**What you have to do:** From the data that follows, copy every line with the string "only".

**Stored data:**
----

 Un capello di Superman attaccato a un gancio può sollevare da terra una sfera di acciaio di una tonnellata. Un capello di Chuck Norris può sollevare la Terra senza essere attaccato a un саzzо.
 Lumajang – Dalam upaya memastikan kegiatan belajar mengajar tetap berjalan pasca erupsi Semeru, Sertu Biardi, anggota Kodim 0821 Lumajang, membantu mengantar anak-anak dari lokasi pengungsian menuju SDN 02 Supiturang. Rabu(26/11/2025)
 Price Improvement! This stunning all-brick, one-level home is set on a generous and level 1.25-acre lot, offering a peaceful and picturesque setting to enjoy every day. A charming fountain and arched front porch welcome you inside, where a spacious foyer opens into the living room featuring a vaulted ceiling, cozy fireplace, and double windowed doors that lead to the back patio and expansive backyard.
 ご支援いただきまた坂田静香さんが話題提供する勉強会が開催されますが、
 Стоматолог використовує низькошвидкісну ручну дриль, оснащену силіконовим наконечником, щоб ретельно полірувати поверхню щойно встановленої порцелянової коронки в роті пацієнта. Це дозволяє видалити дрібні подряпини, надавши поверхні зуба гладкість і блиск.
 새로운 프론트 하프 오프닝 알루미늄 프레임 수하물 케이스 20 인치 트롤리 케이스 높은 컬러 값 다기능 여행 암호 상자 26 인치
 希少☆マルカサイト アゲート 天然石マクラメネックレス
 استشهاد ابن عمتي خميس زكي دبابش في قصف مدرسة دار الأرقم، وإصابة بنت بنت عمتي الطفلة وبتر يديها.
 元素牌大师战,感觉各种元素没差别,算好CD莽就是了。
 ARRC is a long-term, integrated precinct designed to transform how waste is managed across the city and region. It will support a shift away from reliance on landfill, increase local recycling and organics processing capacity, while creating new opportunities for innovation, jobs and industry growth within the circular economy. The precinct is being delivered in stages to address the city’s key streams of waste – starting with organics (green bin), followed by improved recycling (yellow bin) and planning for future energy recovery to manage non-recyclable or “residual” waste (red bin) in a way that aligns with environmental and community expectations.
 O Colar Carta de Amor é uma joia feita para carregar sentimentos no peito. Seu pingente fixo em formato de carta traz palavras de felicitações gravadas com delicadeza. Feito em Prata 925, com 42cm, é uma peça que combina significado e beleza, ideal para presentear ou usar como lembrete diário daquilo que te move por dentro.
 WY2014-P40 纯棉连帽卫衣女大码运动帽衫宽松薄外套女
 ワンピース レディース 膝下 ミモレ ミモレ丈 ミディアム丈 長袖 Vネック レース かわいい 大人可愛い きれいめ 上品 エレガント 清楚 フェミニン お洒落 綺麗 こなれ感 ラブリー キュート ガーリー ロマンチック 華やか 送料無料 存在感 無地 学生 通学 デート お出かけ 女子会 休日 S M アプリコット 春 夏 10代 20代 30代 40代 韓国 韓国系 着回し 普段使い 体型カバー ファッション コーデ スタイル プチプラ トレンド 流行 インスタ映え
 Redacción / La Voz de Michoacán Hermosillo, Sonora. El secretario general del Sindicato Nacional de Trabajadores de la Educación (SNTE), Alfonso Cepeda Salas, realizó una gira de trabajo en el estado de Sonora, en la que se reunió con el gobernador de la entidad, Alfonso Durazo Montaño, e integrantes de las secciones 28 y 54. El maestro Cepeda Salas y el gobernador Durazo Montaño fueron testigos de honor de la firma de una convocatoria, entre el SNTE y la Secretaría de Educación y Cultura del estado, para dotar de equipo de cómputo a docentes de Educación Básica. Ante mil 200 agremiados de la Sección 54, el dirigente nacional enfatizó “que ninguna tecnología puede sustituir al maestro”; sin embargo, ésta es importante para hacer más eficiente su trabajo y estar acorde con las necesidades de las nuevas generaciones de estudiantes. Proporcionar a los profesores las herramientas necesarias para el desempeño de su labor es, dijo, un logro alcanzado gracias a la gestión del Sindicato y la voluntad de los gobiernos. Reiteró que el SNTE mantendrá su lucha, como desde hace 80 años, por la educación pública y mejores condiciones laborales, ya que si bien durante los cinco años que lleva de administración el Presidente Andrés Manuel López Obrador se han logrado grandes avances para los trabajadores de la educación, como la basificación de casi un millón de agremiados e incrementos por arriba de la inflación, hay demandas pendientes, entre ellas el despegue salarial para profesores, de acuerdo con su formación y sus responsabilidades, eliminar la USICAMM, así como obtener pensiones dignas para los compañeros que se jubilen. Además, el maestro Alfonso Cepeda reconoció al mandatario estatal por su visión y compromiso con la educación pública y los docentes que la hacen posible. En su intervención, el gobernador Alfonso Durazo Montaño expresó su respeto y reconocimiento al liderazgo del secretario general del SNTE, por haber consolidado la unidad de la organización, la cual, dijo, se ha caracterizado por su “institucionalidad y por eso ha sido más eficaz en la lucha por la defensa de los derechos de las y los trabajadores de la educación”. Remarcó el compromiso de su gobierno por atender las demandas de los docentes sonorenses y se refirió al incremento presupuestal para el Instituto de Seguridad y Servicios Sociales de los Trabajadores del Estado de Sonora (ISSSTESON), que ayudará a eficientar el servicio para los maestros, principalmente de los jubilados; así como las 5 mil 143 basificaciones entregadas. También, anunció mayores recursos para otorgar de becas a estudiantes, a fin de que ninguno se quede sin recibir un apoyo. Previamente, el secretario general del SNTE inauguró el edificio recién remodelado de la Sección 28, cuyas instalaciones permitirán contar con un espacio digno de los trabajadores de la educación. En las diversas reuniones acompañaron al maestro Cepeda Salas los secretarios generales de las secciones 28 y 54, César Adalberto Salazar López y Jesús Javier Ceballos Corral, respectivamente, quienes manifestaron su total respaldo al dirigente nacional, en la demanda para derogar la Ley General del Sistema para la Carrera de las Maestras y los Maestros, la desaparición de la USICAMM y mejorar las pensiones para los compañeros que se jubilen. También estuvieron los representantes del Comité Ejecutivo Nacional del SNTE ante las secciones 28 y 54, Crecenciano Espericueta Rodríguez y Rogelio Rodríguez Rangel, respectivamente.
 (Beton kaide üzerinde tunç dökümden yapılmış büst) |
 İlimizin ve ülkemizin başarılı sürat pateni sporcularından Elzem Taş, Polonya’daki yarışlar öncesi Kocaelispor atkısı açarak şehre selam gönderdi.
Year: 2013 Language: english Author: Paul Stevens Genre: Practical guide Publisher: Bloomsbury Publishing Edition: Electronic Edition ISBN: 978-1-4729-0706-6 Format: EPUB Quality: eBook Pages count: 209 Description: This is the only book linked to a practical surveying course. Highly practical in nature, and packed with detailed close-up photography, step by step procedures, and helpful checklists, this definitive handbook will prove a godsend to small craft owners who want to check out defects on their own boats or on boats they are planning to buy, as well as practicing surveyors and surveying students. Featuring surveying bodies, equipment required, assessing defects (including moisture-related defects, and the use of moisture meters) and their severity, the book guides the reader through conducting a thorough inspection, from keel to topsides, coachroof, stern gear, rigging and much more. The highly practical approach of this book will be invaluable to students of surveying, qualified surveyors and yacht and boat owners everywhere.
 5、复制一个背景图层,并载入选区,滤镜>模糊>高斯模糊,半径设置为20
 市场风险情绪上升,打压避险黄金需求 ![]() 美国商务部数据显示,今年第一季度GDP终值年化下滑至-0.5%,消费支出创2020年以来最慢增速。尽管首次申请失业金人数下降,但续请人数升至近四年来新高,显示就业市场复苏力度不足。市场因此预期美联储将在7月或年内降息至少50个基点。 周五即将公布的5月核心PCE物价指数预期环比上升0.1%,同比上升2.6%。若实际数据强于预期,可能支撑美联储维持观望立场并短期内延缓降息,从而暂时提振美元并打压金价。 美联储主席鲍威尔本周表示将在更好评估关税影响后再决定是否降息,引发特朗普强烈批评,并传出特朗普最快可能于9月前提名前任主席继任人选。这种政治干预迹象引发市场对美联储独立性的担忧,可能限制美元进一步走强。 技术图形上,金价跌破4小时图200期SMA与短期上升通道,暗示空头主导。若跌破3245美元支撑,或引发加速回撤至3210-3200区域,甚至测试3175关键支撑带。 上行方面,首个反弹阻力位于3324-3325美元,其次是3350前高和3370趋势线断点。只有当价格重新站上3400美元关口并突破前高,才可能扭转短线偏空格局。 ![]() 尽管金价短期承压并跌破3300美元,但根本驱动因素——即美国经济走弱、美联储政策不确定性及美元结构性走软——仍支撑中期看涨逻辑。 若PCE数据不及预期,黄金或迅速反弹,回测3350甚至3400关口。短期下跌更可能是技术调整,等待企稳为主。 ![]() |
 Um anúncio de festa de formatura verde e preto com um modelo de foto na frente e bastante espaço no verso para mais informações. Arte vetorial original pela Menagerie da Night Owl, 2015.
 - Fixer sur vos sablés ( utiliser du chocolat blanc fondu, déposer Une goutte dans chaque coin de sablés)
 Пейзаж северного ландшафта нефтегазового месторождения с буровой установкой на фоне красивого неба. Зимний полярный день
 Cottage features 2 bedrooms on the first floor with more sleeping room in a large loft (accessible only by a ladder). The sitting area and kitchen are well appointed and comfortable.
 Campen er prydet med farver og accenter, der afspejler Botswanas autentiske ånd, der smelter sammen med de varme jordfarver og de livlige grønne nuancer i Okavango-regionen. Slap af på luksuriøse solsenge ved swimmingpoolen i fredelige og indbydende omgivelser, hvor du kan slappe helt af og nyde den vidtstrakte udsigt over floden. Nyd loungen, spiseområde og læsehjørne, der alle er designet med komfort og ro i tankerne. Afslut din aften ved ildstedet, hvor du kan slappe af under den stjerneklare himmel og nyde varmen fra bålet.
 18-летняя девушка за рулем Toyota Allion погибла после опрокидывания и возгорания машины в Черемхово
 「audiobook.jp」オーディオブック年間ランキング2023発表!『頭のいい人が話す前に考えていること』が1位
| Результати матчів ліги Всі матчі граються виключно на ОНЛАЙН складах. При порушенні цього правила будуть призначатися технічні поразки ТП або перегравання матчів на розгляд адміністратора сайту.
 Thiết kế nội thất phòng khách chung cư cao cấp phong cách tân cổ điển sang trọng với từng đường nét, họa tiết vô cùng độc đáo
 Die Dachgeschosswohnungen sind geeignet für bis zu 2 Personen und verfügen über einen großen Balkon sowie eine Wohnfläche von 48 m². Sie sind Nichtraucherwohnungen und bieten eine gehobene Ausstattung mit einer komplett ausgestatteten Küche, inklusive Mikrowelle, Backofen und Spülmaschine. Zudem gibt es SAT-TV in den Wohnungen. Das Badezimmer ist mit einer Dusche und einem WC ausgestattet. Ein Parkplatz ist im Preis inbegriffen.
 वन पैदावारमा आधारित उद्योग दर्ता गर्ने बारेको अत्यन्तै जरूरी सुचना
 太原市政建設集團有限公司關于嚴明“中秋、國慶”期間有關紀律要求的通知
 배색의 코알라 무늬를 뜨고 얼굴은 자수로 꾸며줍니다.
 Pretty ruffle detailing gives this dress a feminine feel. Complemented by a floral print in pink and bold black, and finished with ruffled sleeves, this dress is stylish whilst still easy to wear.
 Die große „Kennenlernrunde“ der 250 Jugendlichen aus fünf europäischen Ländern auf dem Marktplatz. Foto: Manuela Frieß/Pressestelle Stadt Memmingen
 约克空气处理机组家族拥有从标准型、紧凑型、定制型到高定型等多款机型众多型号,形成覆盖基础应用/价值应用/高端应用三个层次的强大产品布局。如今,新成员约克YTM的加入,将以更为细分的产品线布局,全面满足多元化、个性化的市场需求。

----

**Written solution:**
Year: 2013 Language: english Author: Paul Stevens Genre: Practical guide Publisher: Bloomsbury Publishing Edition: Electronic Edition ISBN: 978-1-4729-0706-6 Format: EPUB Quality: eBook Pages count: 209 Description: This is the only book linked to a practical surveying course. Highly practical in nature, and packed with detailed close-up photography, step by step procedures, and helpful checklists, this definitive handbook will prove a godsend to small craft owners who want to check out defects on their own boats or on boats they are planning to buy, as well as practicing surveyors and surveying students. Featuring surveying bodies, equipment required, assessing defects (including moisture-related defects, and the use of moisture meters) and their severity, the book guides the reader through conducting a thorough inspection, from keel to topsides, coachroof, stern gear, rigging and much more. The highly practical approach of this book will be invaluable to students of surveying, qualified surveyors and yacht and boat owners everywhere.
 Cottage features 2 bedrooms on the first floor with more sleeping room in a large loft (accessible only by a ladder). The sitting area and kitchen are well appointed and comfortable.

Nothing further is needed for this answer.